Causality and a-theorem Constraints on Ricci Polynomial and Riemann Cubic Gravities

TL;DR

This paper investigates extended Einstein gravity with Ricci polynomials and Riemann cubic terms, deriving constraints on couplings to ensure ghost freedom, causality, and an $a$-theorem, highlighting that these conditions are met starting at quartic order.

Contribution

It provides the first comprehensive analysis of causality and $a$-theorem constraints on Ricci polynomial and Riemann cubic gravities, identifying the order at which these conditions are simultaneously satisfied.

Findings

Ghost-free and $a$-theorem conditions start at quartic order.

Einstein metrics remain solutions with Ricci polynomial extensions.

Causality constraints are automatically satisfied with Ricci polynomials.

Abstract

In this paper, we study Einstein gravity extended with Ricci polynomials and derive the constraints on the coupling constants from the considerations of being ghost free, exhibiting an $a$-theorem and maintaining causality.

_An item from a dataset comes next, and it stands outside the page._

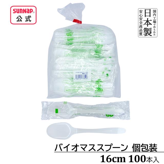 個包装 バイオプラスプーン 160mm 白 100本 日本製 使い捨て テイクアウト 業務 業P バイオマス バイオ 環境 エコ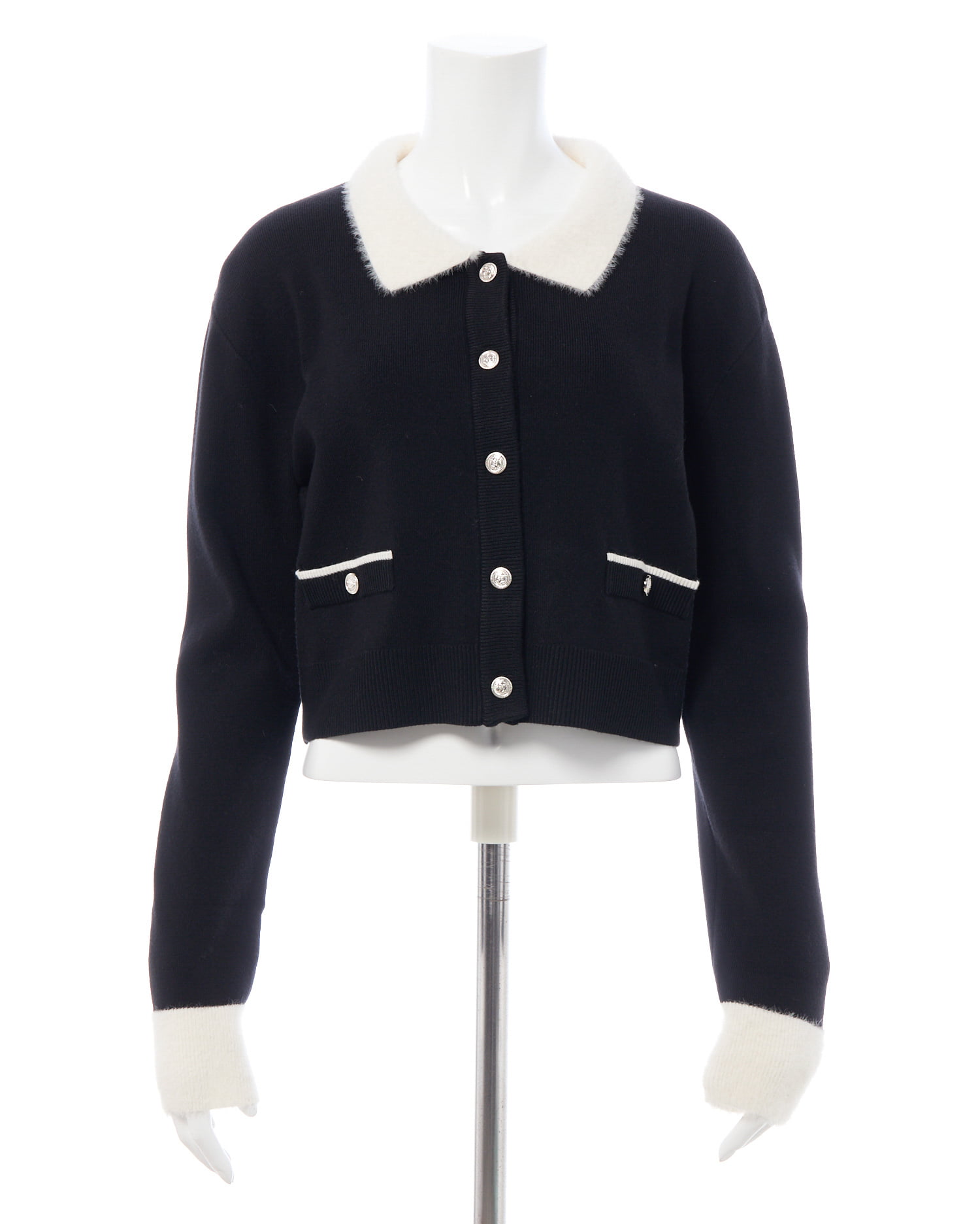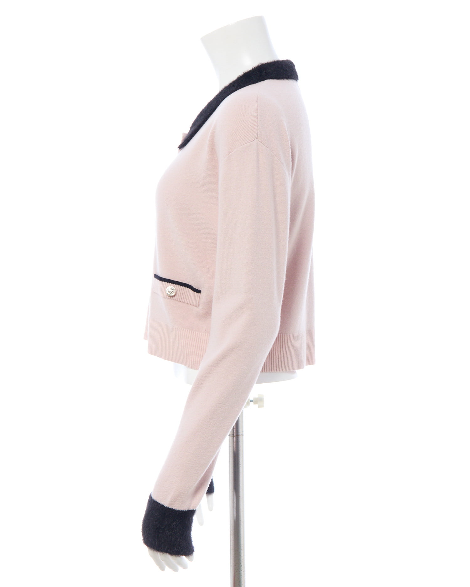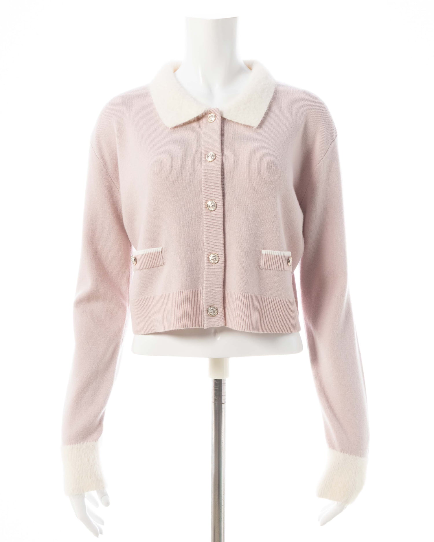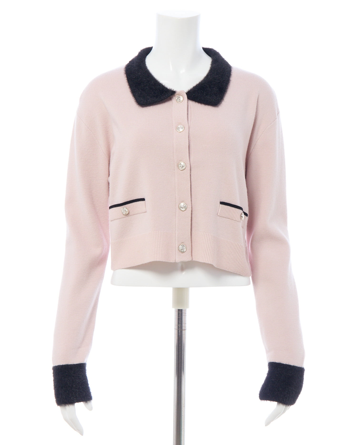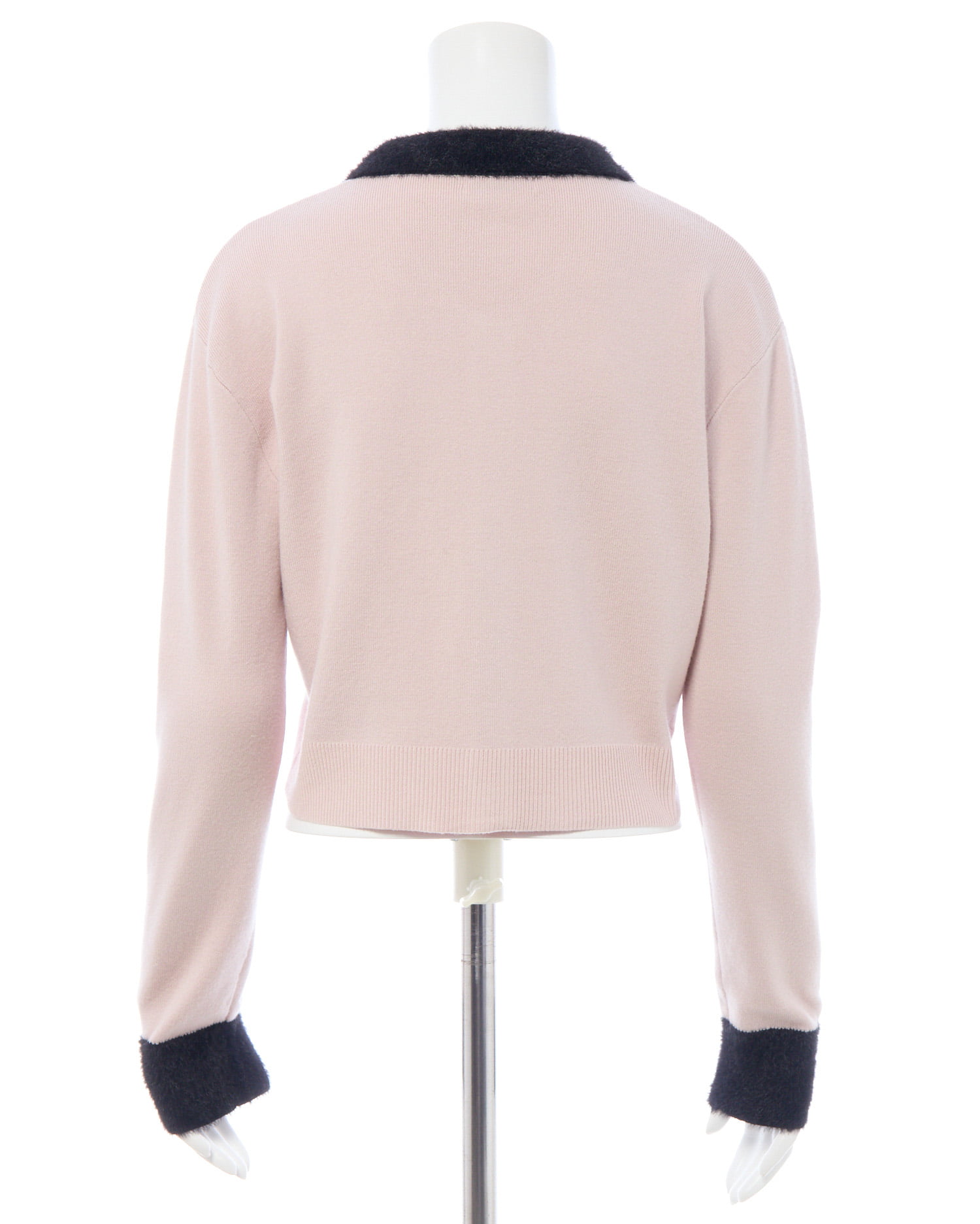 トレンドの配色襟カーディガンが、ふわふわのフェザー素材のニットで登場!

The salient feature is that Einstein metrics with appropriate effective cosmological constants continue to be solutions with the inclusion of such Ricci polynomials and the causality constraint is automatically satisfied. The ghost free and $a$-theorem conditions can only be both met starting at the quartic order. We also study these constraints on general Riemann cubic gravities.